# Critique a coming 6yr old haflinger?



## Lawrite_Haflinger (Aug 3, 2008)

This is my mare, Lawrita. Before I'm done with her(as in, retiring her), I want to do, well, EVERYTHING with her; from western pleasure to at least schooling 2nd level dressage. My ultimate goal would be to successfully complete a novice 3 day event with her, without killing/maiming myself or her.

So, what do you all think? Will she excel at anything in particular or do her short, upright pasterns spell arthritis if she undergoes a heavy work load? Am I expecting too much out of a mare not physically capable?

Thank you all in advance for your expertise! Oh, and these pictures are pretty shoddy, because A: Lawrita's legs look like sasquatch(hairy!), and B: she's not standing very square and her front legs look wonky. If these don't work, I can take more and I'll dig my showmanship pictures from the summer out of the innermost depths of the computer for a good side view.


----------



## smrobs (Jul 30, 2008)

Her pasterns may be short, but I don't consider them very upright. They actually have good angle, they are just, like you said, very short LOL. She does appear to toe out on the front and may have a slight case of calf-knees but with just the one pic from the front and the one pic of the side, I will reserve final judgement on both those things because horses can darn sure stand wonky and make themselves look much worse off than they actually are :lol:.

I honestly don't see anything in her conformation that would worry me as far as long-term soundness under heavy work. Whether she has the movement/ability to reach the levels you strive for is an answer I do not know, that is between you and her.

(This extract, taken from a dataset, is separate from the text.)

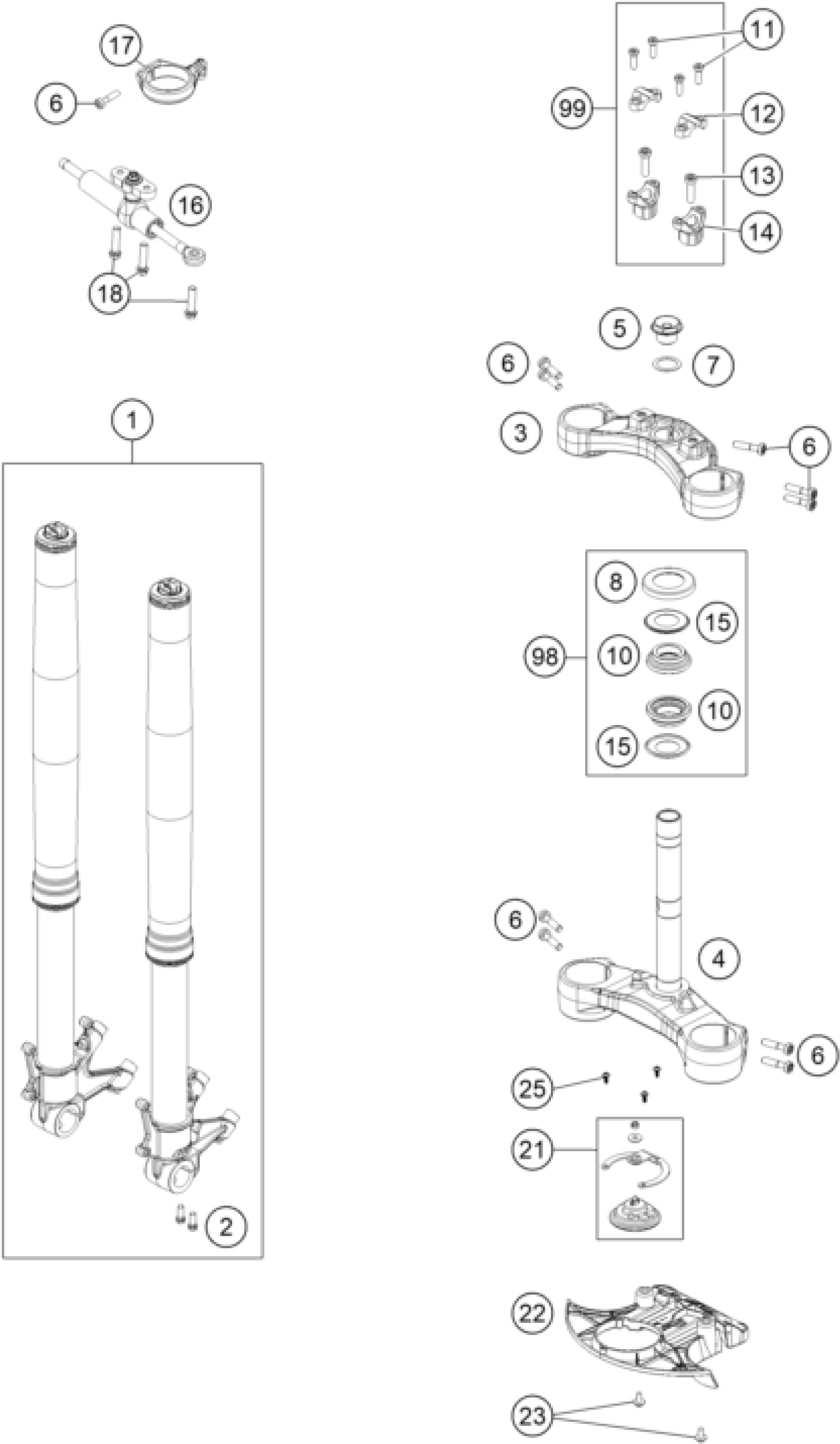 FRONT FORK, TRIPLE CLAMP

Like with any horse, condition her properly, prepare her properly for the amount and difficulty of the work, and be aware of any moment when she just doesn't feel "right". Pay attention to her, she'll tell you when she has more to give and when she's had enough.


----------



## Lawrite_Haflinger (Aug 3, 2008)

Thank you very much! Is Lawrita's calf kneeishness those little lumps of bone that protrude out of the back of her knees? I've always wondered about those, because I've never seen another horse with knees quite like that. Isn't being calf kneed a VERY severe conformational flaw? I've cropped a picture of her leg from this summer, when it wasn't quite so hairy. I'll post it as soon as I can figure out how!


----------



## Allison Finch (Oct 21, 2009)

Up until the last couple of years, I have had almost no experience with haffies. Since then, I have met two haffies that have created total respect for the breed. I would not doubt that a haffie could do well in all you seek to do. While being a bit limited in the drafty type movement many have, they more than make up for it in their tractability and open nature.

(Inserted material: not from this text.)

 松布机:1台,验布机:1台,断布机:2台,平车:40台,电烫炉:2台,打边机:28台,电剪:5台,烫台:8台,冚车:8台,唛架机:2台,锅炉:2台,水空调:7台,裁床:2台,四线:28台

This haffie was used for roping when my student got him. He was poorly trained for anything, to say the LEAST. However, within a very short time, he was become a really nice foxhunting horse;










His first time going XC showed a tough and courageous mind;










He is really getting the dressage;










And her young daughter has started vaulting on him.

Hopefully, your haffie will show the same versatility and drive to please. I see no real reason yours couldn't give it all a try.


----------



## Cat (Jul 26, 2008)

Haflingers in general can be very versatile and with their intelligent minds they do best when they are offered a variety of work. They may not excel in some areas, but they usually will give their hearts in trying. They also tend to be very sound and hardy little horses that will provide many long years as a working partner - many into their 30s. 

Here are some versatility photos if you haven't seen them yet:
Haflinger Versatility Photos

Like Smrobs has pointed out - your horse's pasterns are short but not upright. You will find many haflingers have short pasterns but are going strong. I'll wait for the other pictures of the legs to comment on those.


----------



## Lawrite_Haflinger (Aug 3, 2008)

It does look likes she's got kinda funny looking knees, doesn't it?


----------



## Lawrite_Haflinger (Aug 3, 2008)




----------



## grayshell38 (Mar 9, 2009)

I don't have a bunch of experience with Haffies, but a friend of mine has one that she uses in parades both ridden and driven. I had my first driving lesson with her. Super sweet and TOUGH! Built like a brick wall. If I got into driving more seriously, I would love to get a Haffie. 
I don't have a critique for you, but here is a pic of Flurry and I.


----------



## Lawrite_Haflinger (Aug 3, 2008)

Haffies are fantastic driving horses, and they look so beautiful in harness! The fancy driving ponies at the big haflinger shows are just breathtaking. My girl is trained to drive, but she's not fancy enough to compete with THOSE horses.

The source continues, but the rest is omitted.